» Records contained in a dataset:
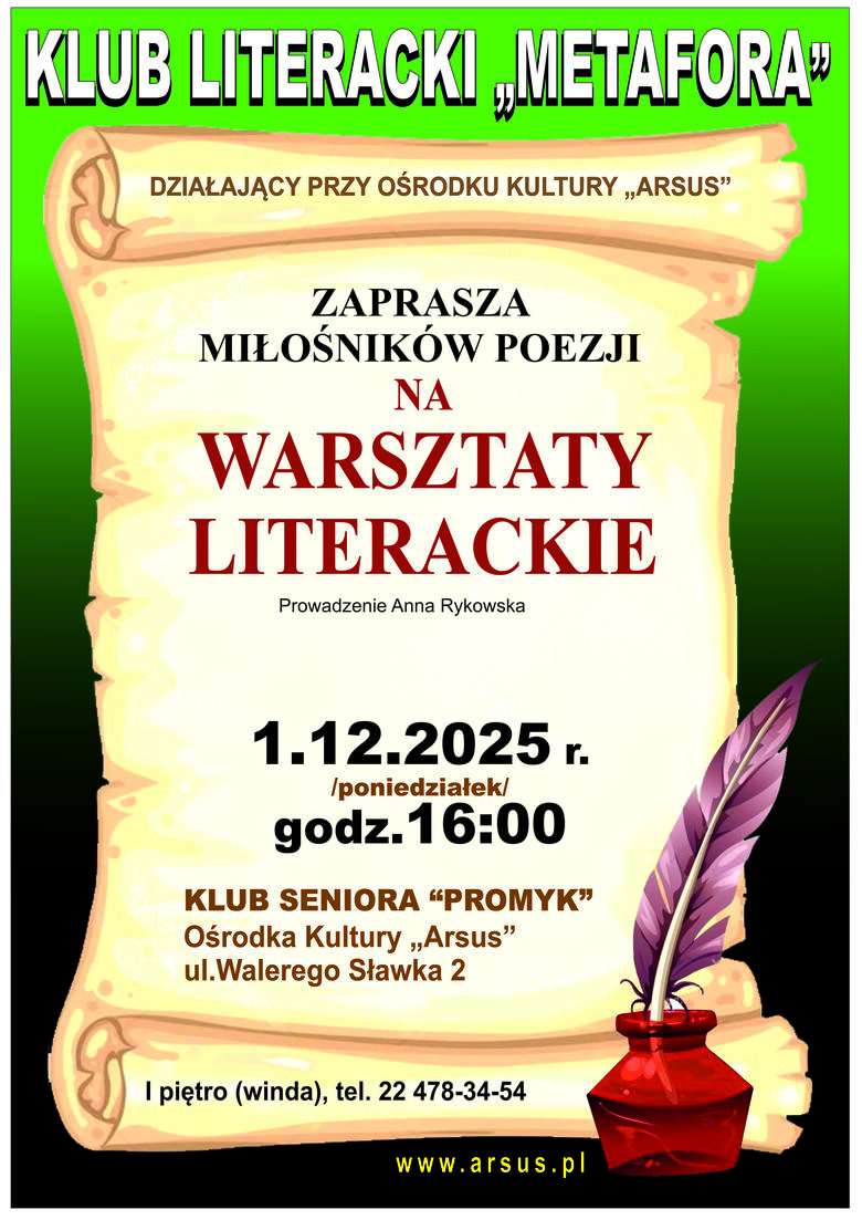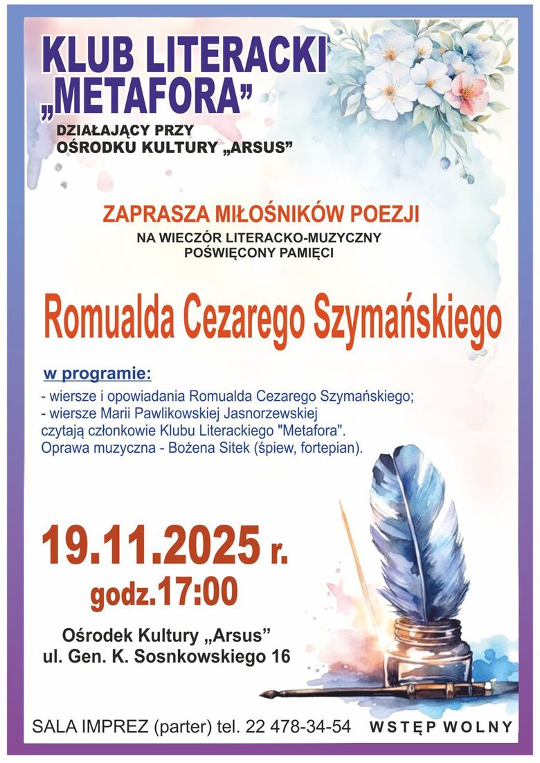 15 października 2025 r. W Ośrodku Kultury "Arsus" w Ursusie odbył się kolejny wieczór literacko-muzyczny.
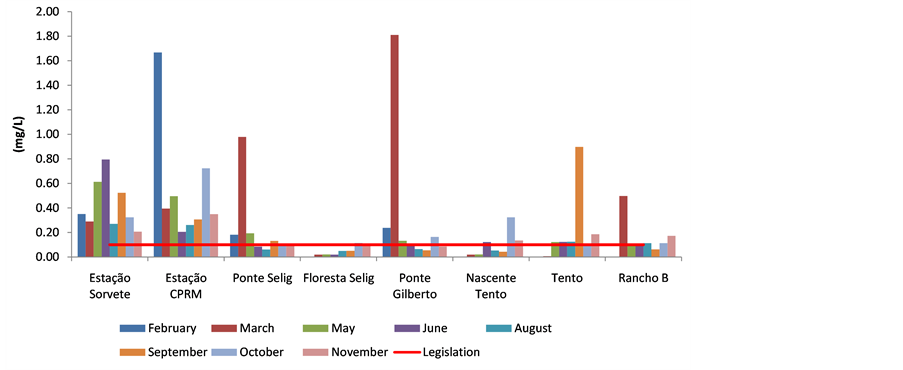 Throughout the sample period were found high concentrations of Al in the basin. Data showed a progressive increase from upstream to downstream, with the exception of the sample point that is embedded within a forest area (Floresta Selig), according to the specifications of CONAMA. It is important to emphasize that the quality of spring water for three months was in non-compliance with the legislation and showing high values. A pattern of exceedance can also be observed in two other points (Estação Sorvete e CPRM) further downstream in the drainage basin, as shown in Figure 6.
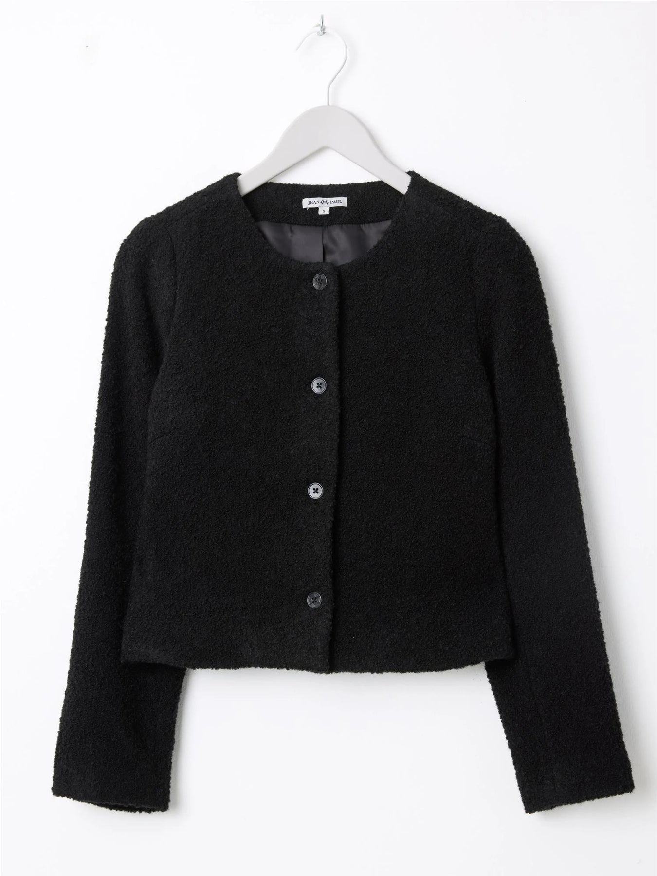 Elegant blazer fra Jean Paul. Blazeren har en kort, feminin passform, rund halsåpning, ton-i-ton knapper og rette ermer med knappdetaljer. Passer like fint til en bukse i hverdagen som til et skjørt for en mer elegant look.
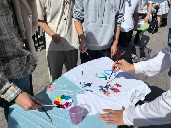 活动现场,参与者领取纯白T恤及彩绘工具后,以画笔为媒,将内心世界具象化为缤纷图案。从抽象线条到具象风景,从个性签名到集体创作,一幅幅作品在春日暖阳下跃然衣间。活动负责人表示:“彩绘不仅是艺术表达,更是一次心理疗愈的实践。我们希望通过非语言的方式,让学生更自如地展现情绪与思考。”
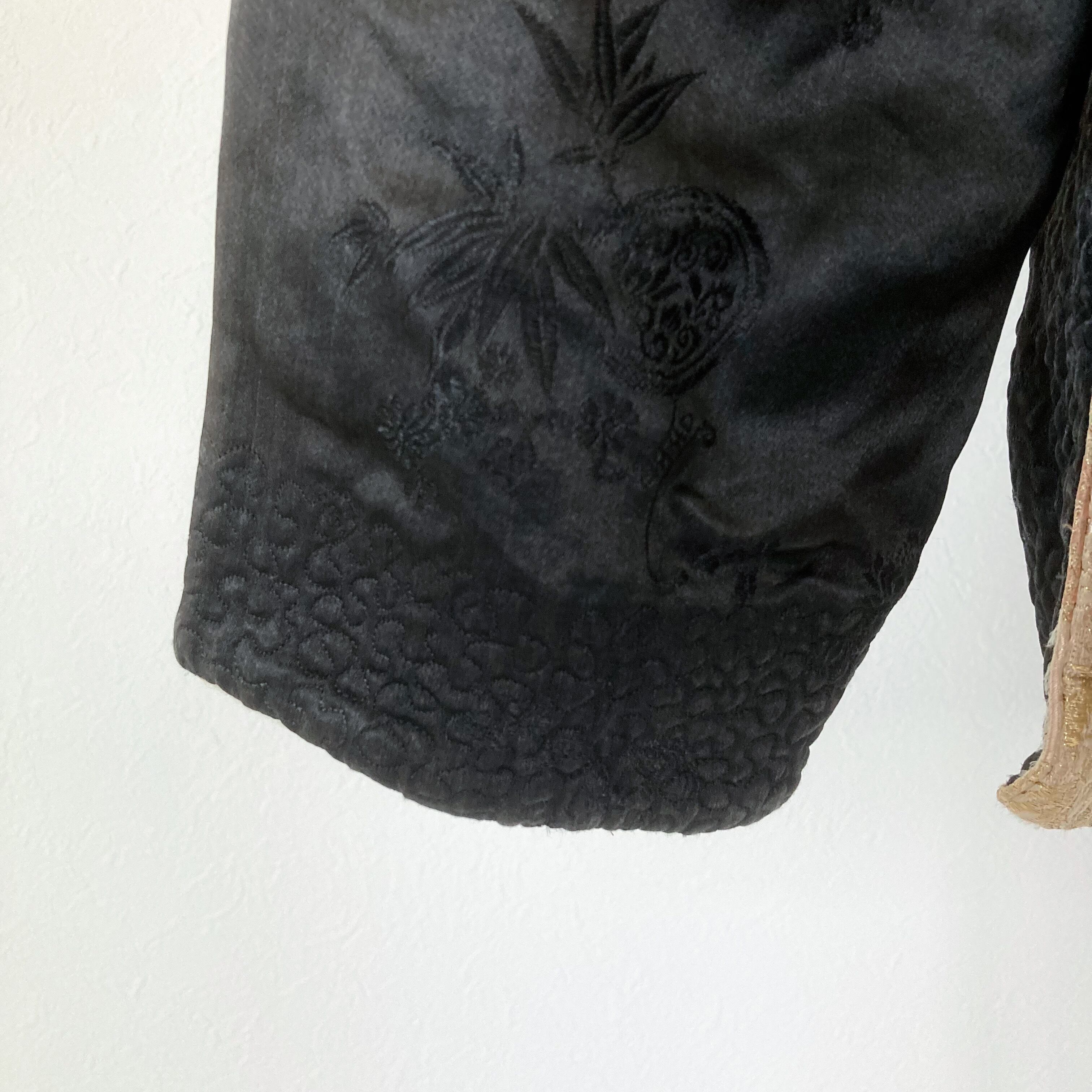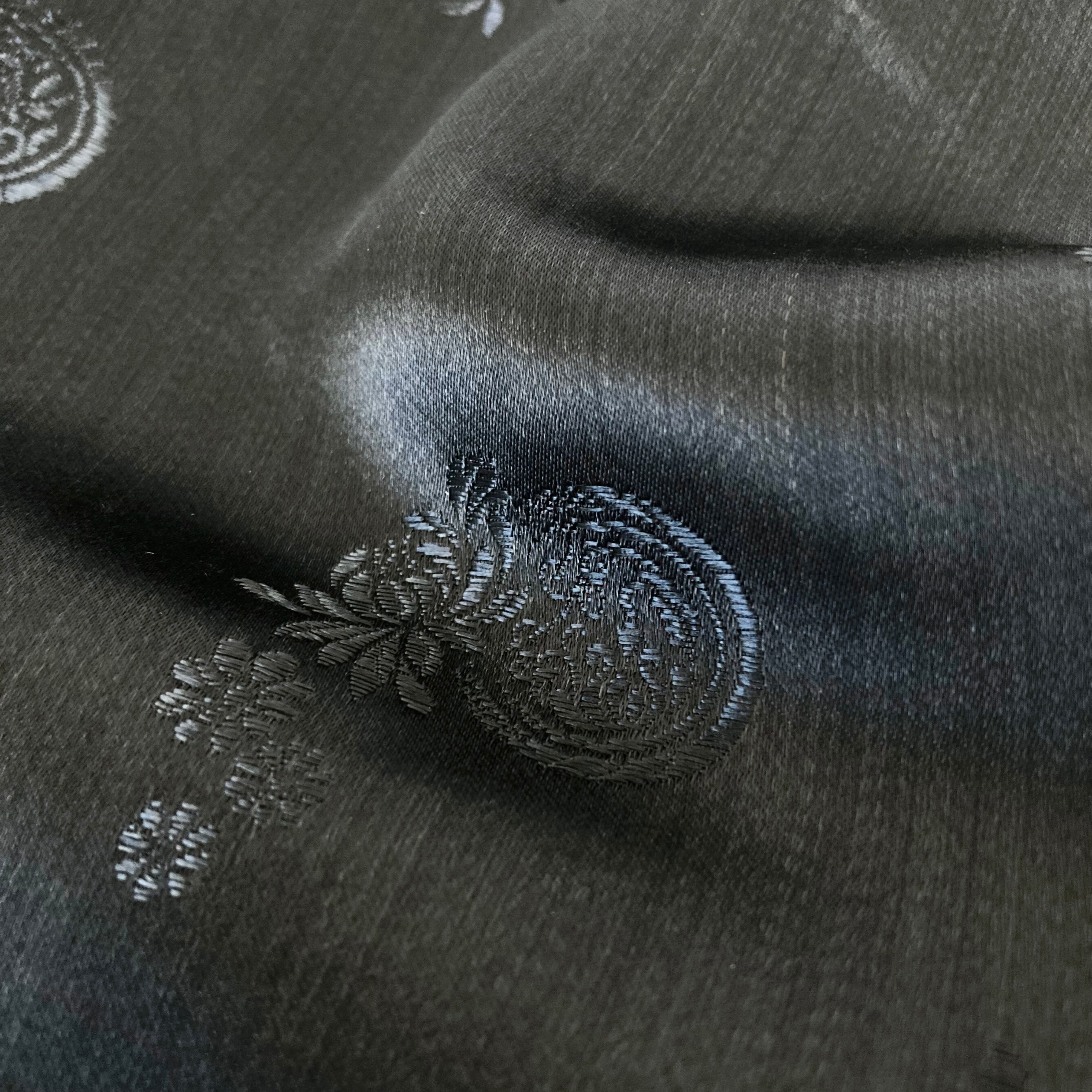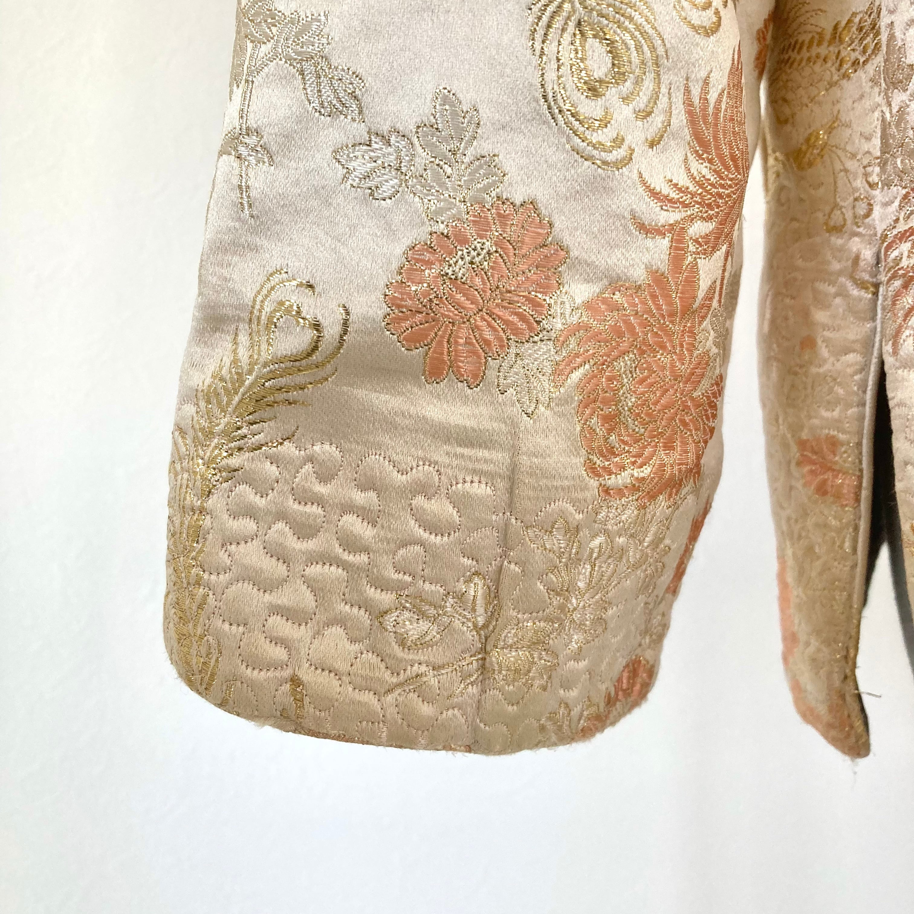 ホワイトゴールド地にオリエンタルな花柄、金色刺繍の孔雀、黒地には雷紋とオリエンタルな花柄のツヤ感あるテキスタイル
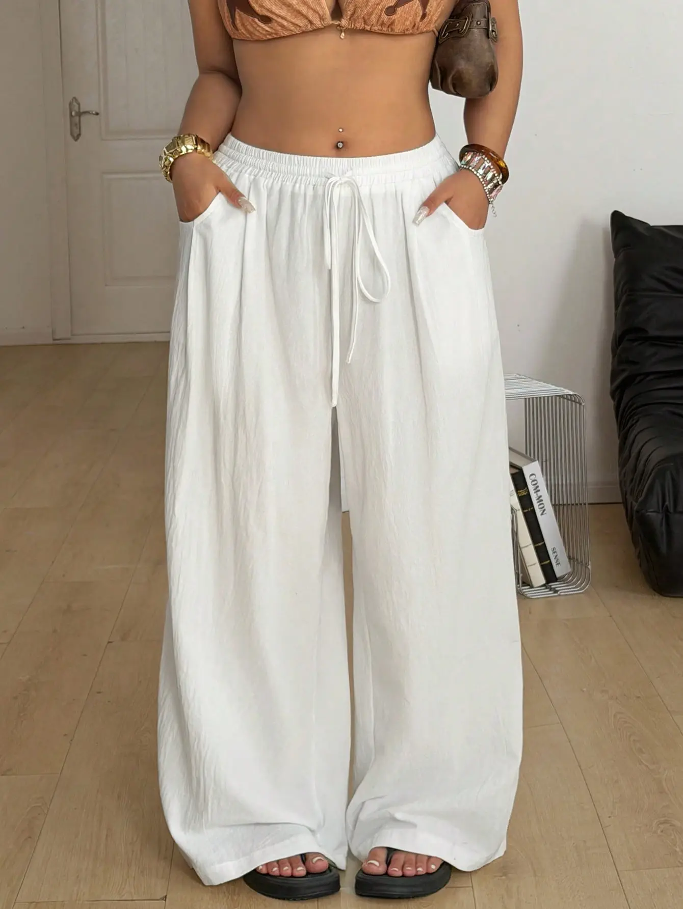 Plus size linen pants for those hot days when tight waistbands and stiff fabrics feel unbearable. If you’ve struggled with pants that cling to your stomach or feel restrictive when sitting, this relaxed fit solves it instantly. The high waist design smooths your midsection while the breathable linen fabric keeps you cool and comfortable all day. The baggy silhouette creates a longer, more balanced leg look without sacrificing ease. Perfect for travel days, casual outings, or slow weekends when you still want to look put together. These are the pants you’ll keep reaching for when comfort and effortless style matter most.

» WHAT YOU NEED TO DO:
Repeat the data verbatim through the "ホワイトゴールド地にオリエン" line, no pictures.

» SOLUTION BELOW:
 15 października 2025 r. W Ośrodku Kultury "Arsus" w Ursusie odbył się kolejny wieczór literacko-muzyczny.
 Throughout the sample period were found high concentrations of Al in the basin. Data showed a progressive increase from upstream to downstream, with the exception of the sample point that is embedded within a forest area (Floresta Selig), according to the specifications of CONAMA. It is important to emphasize that the quality of spring water for three months was in non-compliance with the legislation and showing high values. A pattern of exceedance can also be observed in two other points (Estação Sorvete e CPRM) further downstream in the drainage basin, as shown in Figure 6.
 Elegant blazer fra Jean Paul. Blazeren har en kort, feminin passform, rund halsåpning, ton-i-ton knapper og rette ermer med knappdetaljer. Passer like fint til en bukse i hverdagen som til et skjørt for en mer elegant look.
 活动现场,参与者领取纯白T恤及彩绘工具后,以画笔为媒,将内心世界具象化为缤纷图案。从抽象线条到具象风景,从个性签名到集体创作,一幅幅作品在春日暖阳下跃然衣间。活动负责人表示:“彩绘不仅是艺术表达,更是一次心理疗愈的实践。我们希望通过非语言的方式,让学生更自如地展现情绪与思考。”
 ホワイトゴールド地にオリエンタルな花柄、金色刺繍の孔雀、黒地には雷紋とオリエンタルな花柄のツヤ感あるテキスタイル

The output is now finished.